Write a program that counts the unique words in hamlet.

In [5]:
# Program that counts the unique words in hamlet

import re
regex = re.compile('\s+')

def uniquewords(datafile):
    data_file = open(datafile, 'r')
    
    allwords = []
    lines = data_file.readlines()
    
    for line in lines:
        if len(line)>1:
            cleanline = line.upper().replace("."," ").replace(";", " ")
            cleanline = cleanline.replace(":", " ").replace(",", " ").replace('"', " ")
            cleanline = cleanline.replace("[", " ").replace("]", " ").replace("_", " ")
            cleanline = cleanline.replace("-", " ").replace("!", " ").replace("?", " ").replace("\n", " ")
            for e in regex.split(cleanline.strip()):
                allwords.append(e)

    data_file.close()
    #print(sorted(set(allwords)))   
    count_unique=len(set(allwords))
    return count_unique

print(f"There are {uniquewords('data/hamlet.txt')} unique words in the book.")

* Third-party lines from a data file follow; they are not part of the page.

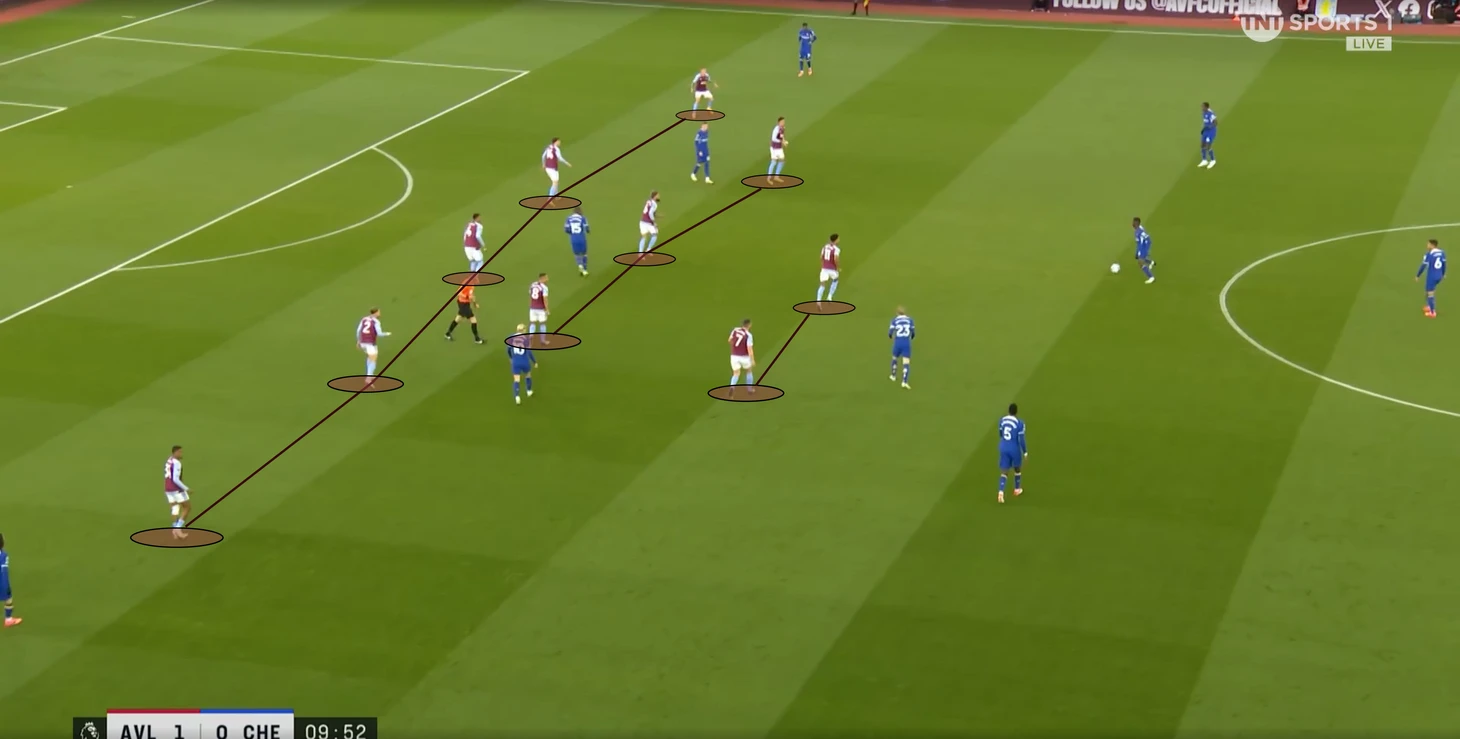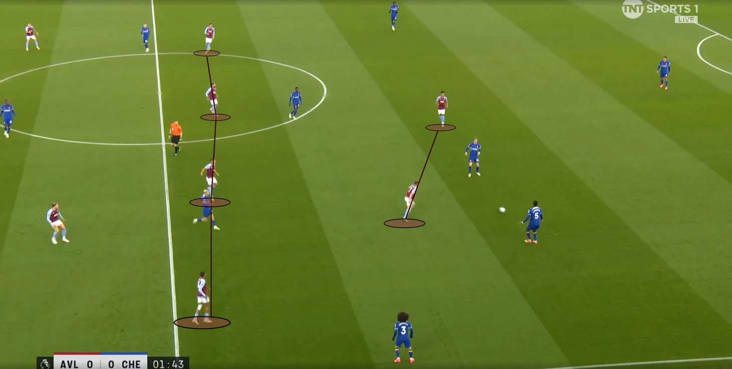 В начале разбора я упомянул, что хозяева играли в обороне по схеме «4-4-2», но это было только в стадиях, где «Челси» владел мячом на своей половине поля. Уже находясь у себя, «Вилла» меняла формацию на «5-3-2», попутно не теряя свою компактность. Отмечу, насколько низко опускался Байли. Такая роль досталась ему из-за высокой позиции Марка Кукурельи.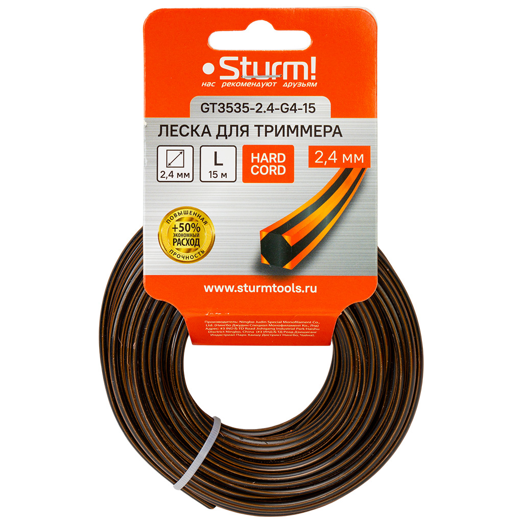 Леска для триммера Sturm!, 2.4мм х 15м, усиленный квадрат
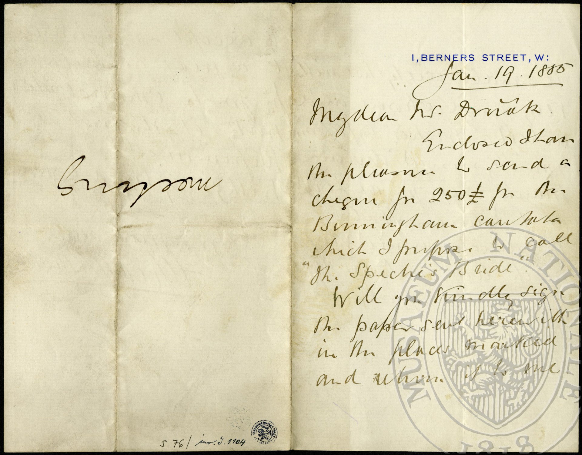 Jan 19. 1885 My dear Dr. Dvořák Enclosed I have the pleasure to send a cheque for 250£ for the Birmingham Cantata which I propose to call “The Spectre’s Bride”. Will you kindly sign the paper sent herewith in the places marked and return it to me. A small society but with very good chorus and orchestra wishes to perform your “Hymnus” during March (when you are here) at St. Francis Hall: the director would very much like you to conduct but cannot afford to pay very much: they offer ten guineas and I hope you will be able to accept as it would be a great advantage for you to conduct the work at its first performance. With very kind regards I am, Yours most sincerely Alfred Littleton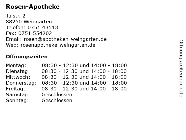 | Öffnungszeiten Rosen-Apotheke in Weingarten anzeigen | |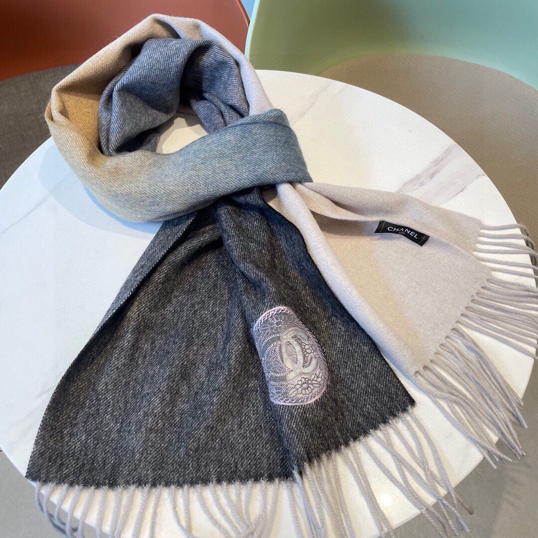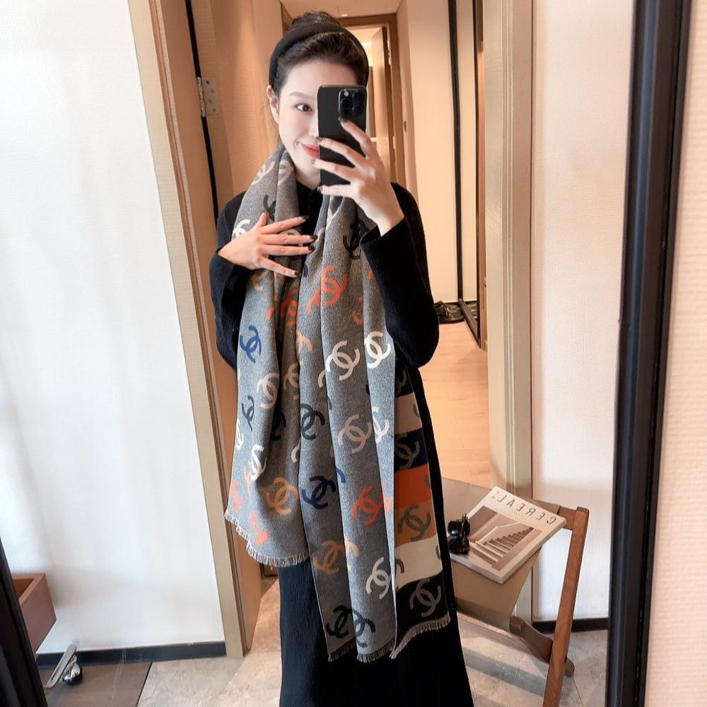 CC Scarf 180 CM In Black Blue Mix Grey Beige Cashmere 381207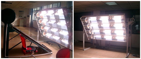 光源的均勻性是太陽模擬器的重要指標(biāo),一般通過調(diào)整每只光源的亮度與位置只能改變大的均勻誤差。但精密均勻性調(diào)整必須通過光源均光板完成。其采用不銹鋼材料,耐高溫,不影響光譜質(zhì)量,尺寸:2.2米*2.2米 安裝在距離光源 0.6米的矩陣式發(fā)光裝置上,經(jīng)過均光板發(fā)出的光源均勻性較好,照射集熱器表面,滿足試驗(yàn)要求。
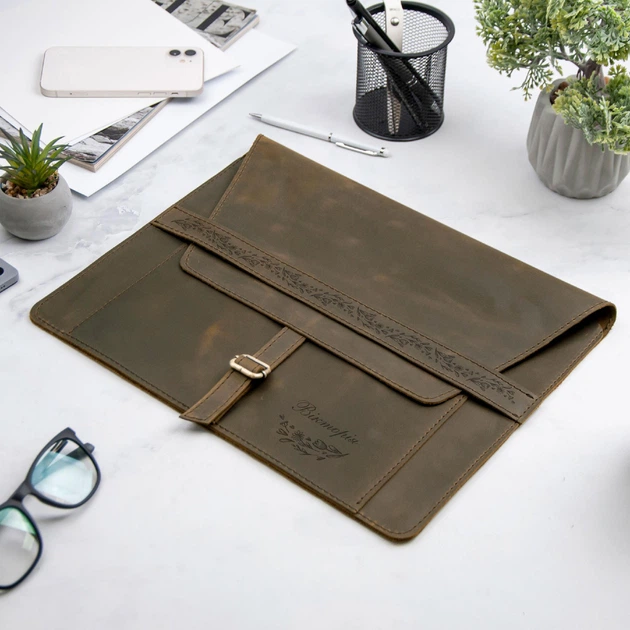 Шкіряна папка для документів з гравіюванням, Green, Malina Leather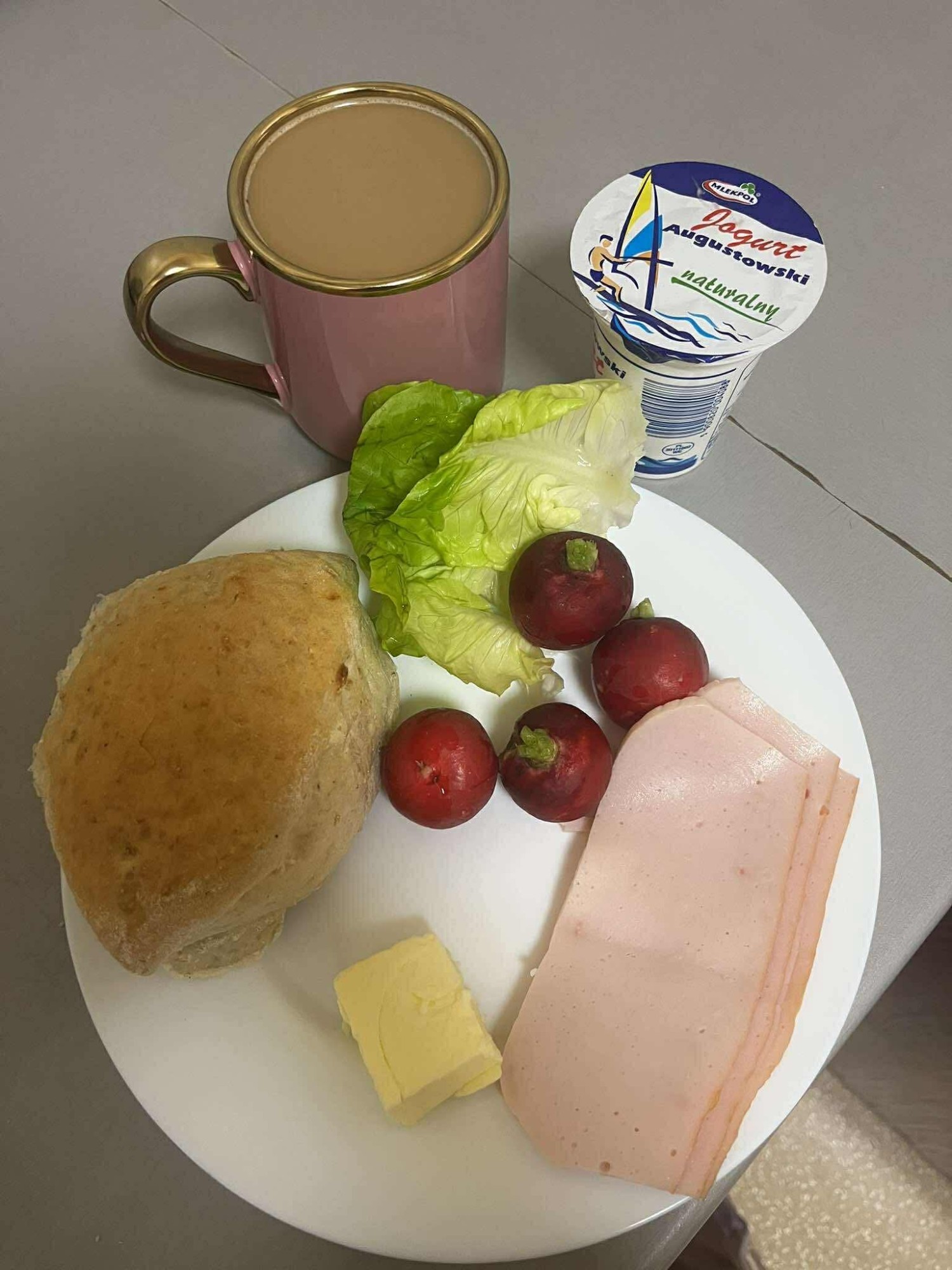 GRAMATURA: Pieczywo mieszane 100g (MLEKO, PSZENICA, ŻYTO, JĘCZMIEŃ), Masło extra 15g (ŚMIETANKA), Szynka piastowska 50g, Rzodkiewka 80g , Herbata 250ml , Sałata masłowa 5g , II Śniadanie: Jogurt naturalny 150g 1szt (MLEKO)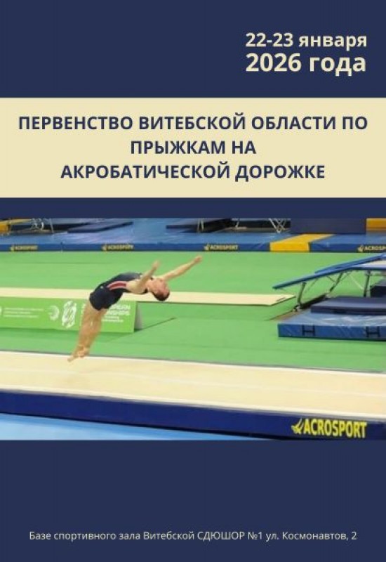 22-23 января 2026 года на базе спортивного зала Витебской СДЮШОР №1 (ул. Космонавтов, 2) пройдет Первенство Витебской области по прыжкам на акробатической дорожке (юниоры, юниорки).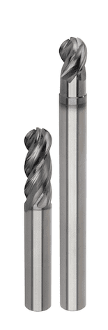 The HARVI I TE ball nose end mill is available in two different lengths: regular (inch non-necked, metric with neck) and long.
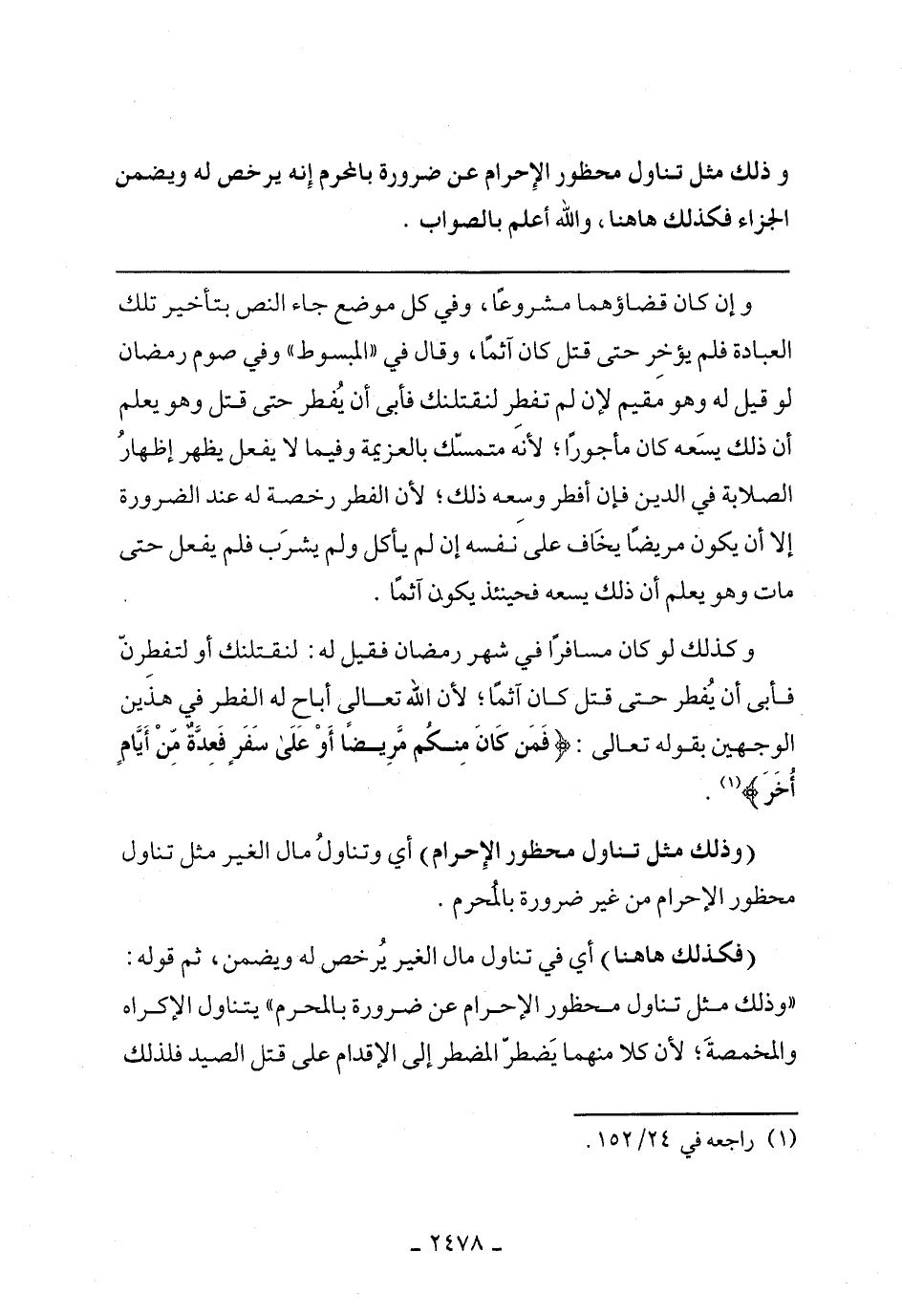وكذلك لو كان مسافرًا في شهر رمضان فقيل له: لنقتلنك أو لتفطرن فأبى أن يفطر حتى قتل كان أثمًا؛ لأن الله تعالى أباح له الفطر في هذين الوجهين بقوله تعالى: (فَمَن كَانَ مِنكُم مَّرِيضًا أَوْ عَلَى سَفَرٍ فَعِدَّةٌ مِّنْ أَيَّامٍ أُخَرَ)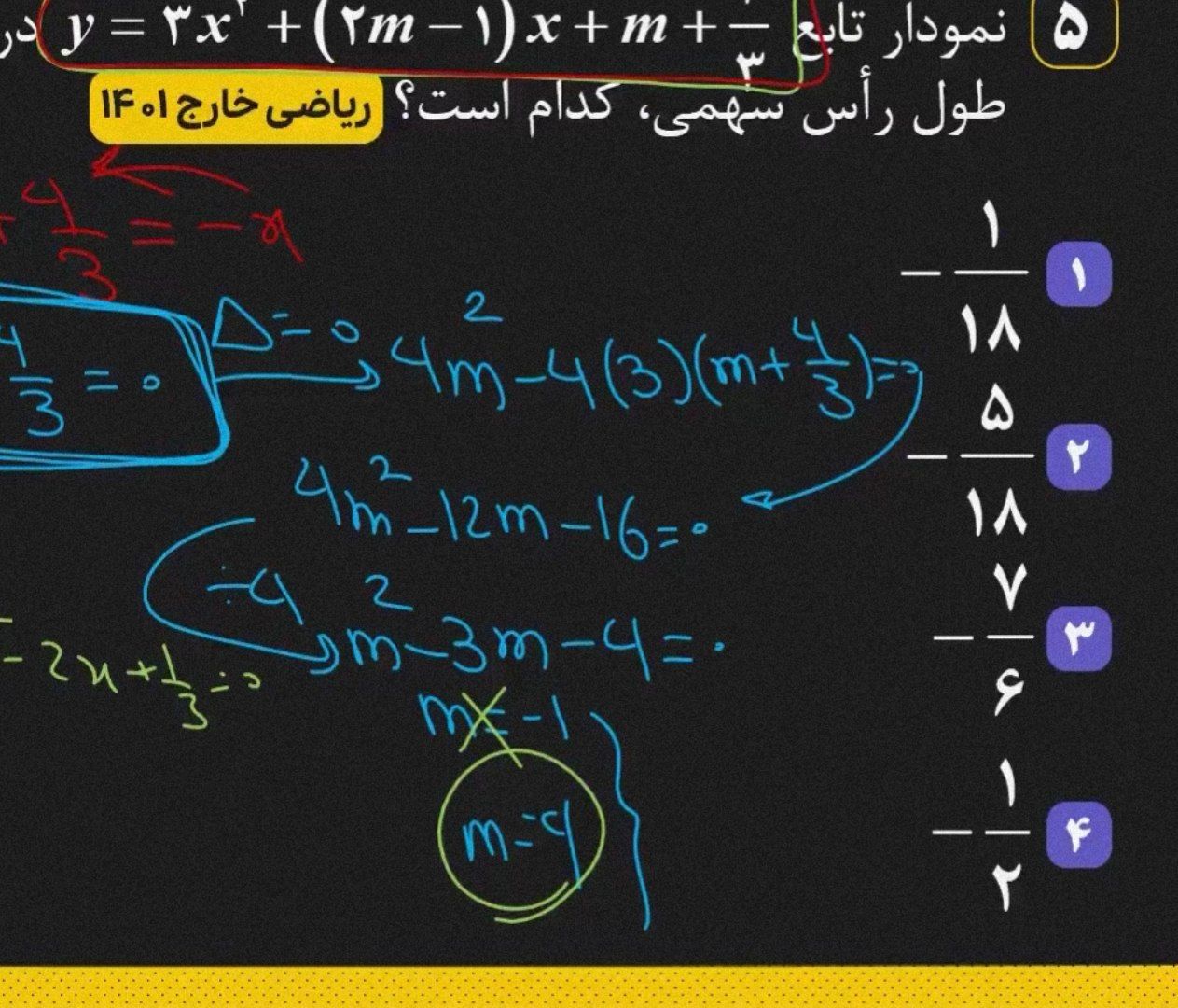 سلام یعنی این سهمی رو مساوی x- بزاری باید یک جواب داشته باشه این معادله چرا؟ چون توی سوال گغته مماس شده، یعنی یک نقطه تماس داریم و یک ریشه نیاز داریم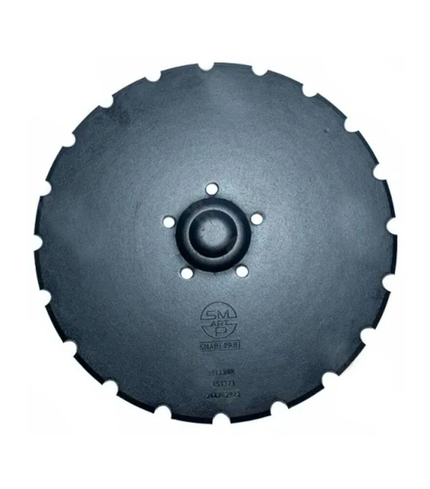 Диск изготовлен из борированной стали и имеет зубчатую форму «ромашка», что обеспечивает эффективное проникновение в почву и разрезание растительных остатков. Конструкция с пятью крепежными отверстиями позволяет надежно устанавливать деталь в узле сошника и поддерживать стабильную работу посевной техники.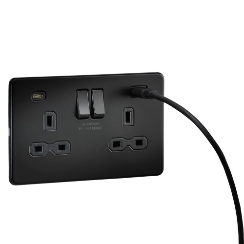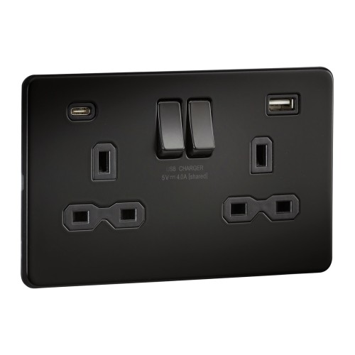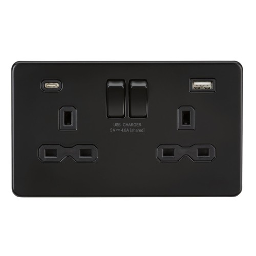 • Knightsbridge 13A 2 Gang Screwless Type A/C USB Socket with 2 x USB - 4A - Matt Black/Black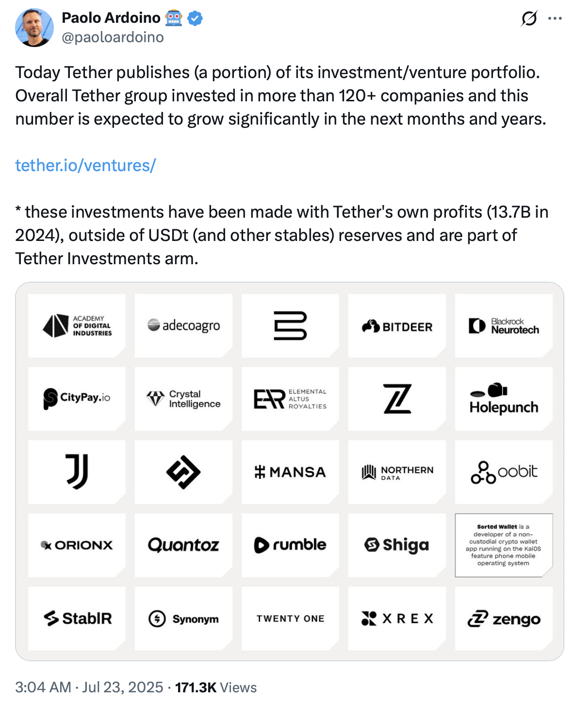 قال الرئيس التنفيذي باولو أردوينو في يوليو إن شركة Tether استثمرت في أكثر من 120 شركة من خلال ذراعها الاستثماري، مع تمويل تلك الاستثمارات من أرباح الشركة بدلاً من احتياطيات العملات المستقرة.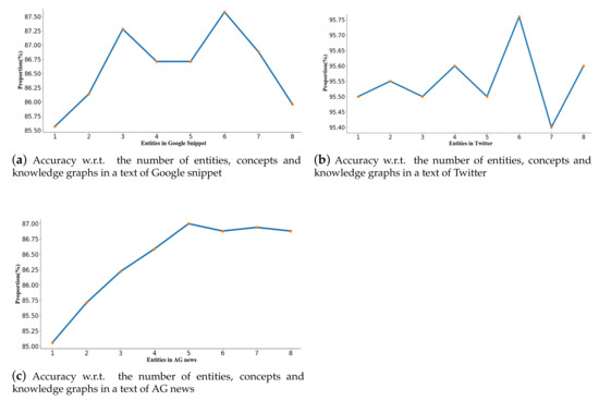In this section, we investigate how different numbers of entities affect the performance of our model. We use the different numbers of entities in the set [1,2,3,4,5,6,7,8] on the three datasets. The result is demonstrated in Figure 4. The results show that the best performance is associated with six entities in Google Snippet and Twitter but five entities in AG news. However, the performance does not increase when the entity number further increases. This may be because, when the majority of entities are involved, our model learns the informative representation from the entities. The learned informative entities benefit the classification result.

There are 4900 unique words in the book.


# File Reading 2: A Python library.

In the `data` folder, you will find a folder called `csrgraph` which is a python library.

### 1. File count

Count the `py` files in the library using the `os` package

In [6]:
# Count the py files in the library using the os package

import os
listfiles = os.listdir('data/csrgraph')
count=0
for i in range(len(listfiles)):
    if listfiles[i].endswith('.py'):
        count+=1
print(count)
#print(os.listdir('data/csrgraph'))

8


### 2. For the following packages, count the number of files that import them:

- pandas 

- numpy

- numba

In [7]:
def countimports(package,directory):
    listfiles = os.listdir(directory)
    countfiles=0
    for i in range(len(listfiles)):
        if listfiles[i].endswith('.py'):
            filepath = directory+'/'+listfiles[i]
            with open(filepath, 'r') as f:
                readfile = f.read().replace('\n', '')
                if readfile.find(package) != -1:
                    countfiles+=1
    return countfiles

print(countimports('pandas','data/csrgraph'))
print(countimports('numpy','data/csrgraph'))
print(countimports('numba','data/csrgraph'))

4
6
6


# First NLP Program: IDF

Given a list of words, the the inverse document frequency (IDF) is a basic statistic of the amount of information of each word in the text.

The IDF formulat is:

$$IDF(w) = ln(\dfrac{N}{1 + n(w)})$$

Where:

- $w$ is the token (unique word),
- $n(w)$ is the number of documents that $w$ occurs in,
- $N$ is the total number of documents

Write a function, `idf(docs)` that takes in a list of lists of words and returns a dictionary  `word -> idf score`

Example:

```
IDF([['interview', 'questions'], ['interview', 'answers']]) -> {'questions': 0.0, 
                                                                'interview': -0.4, 
                                                                'answers': 0.0}


```

In [8]:
# Function, idf(docs) that takes in a list of lists of words 
# and returns a dictionary word -> idf score

import numpy as np

def idf(docs):
    tokens=np.unique(docs)
        
    nlist=[]
    for w in tokens:
        n=0
        for doc in docs:
            strtoken = ' '.join(doc)
            if strtoken.find(w) != -1:
                n+=1
        nlist.append((w,n))

    k,v = [],[]
    for i in range(len(nlist)):
        k.append(nlist[i][0])
        n = nlist[i][1]
        v.append(np.log(len(docs)/(1+(n))))

    return dict(zip(k,v))

# Test Scenarios & print result 

docs=([['interview', 'questions'], ['interview', 'answers']])
idf(docs)

{'answers': 0.0, 'interview': -0.40546510810816444, 'questions': 0.0}

# Stretch Goal: TF-IDF on Hamlet

The TF-IDF score is a commonly used statistic for the importance of words. Its $\frac{TF}{IDF}$ where TF is the "term frequency" (eg. how often the words happens in the document).

Calculate the TF-IDF dictionary on the Hamlet book.

What's the TF-IDF of "Hamlet"?

What's the word with the highest TF-IDF in the book?

# Stretch Goal: Speaker count

Use a regular expression and looping over the `hamlet.txt` file to build a dictionary `character_name -> # times speaking`.

Who speaks the most often? Who speaks the least often?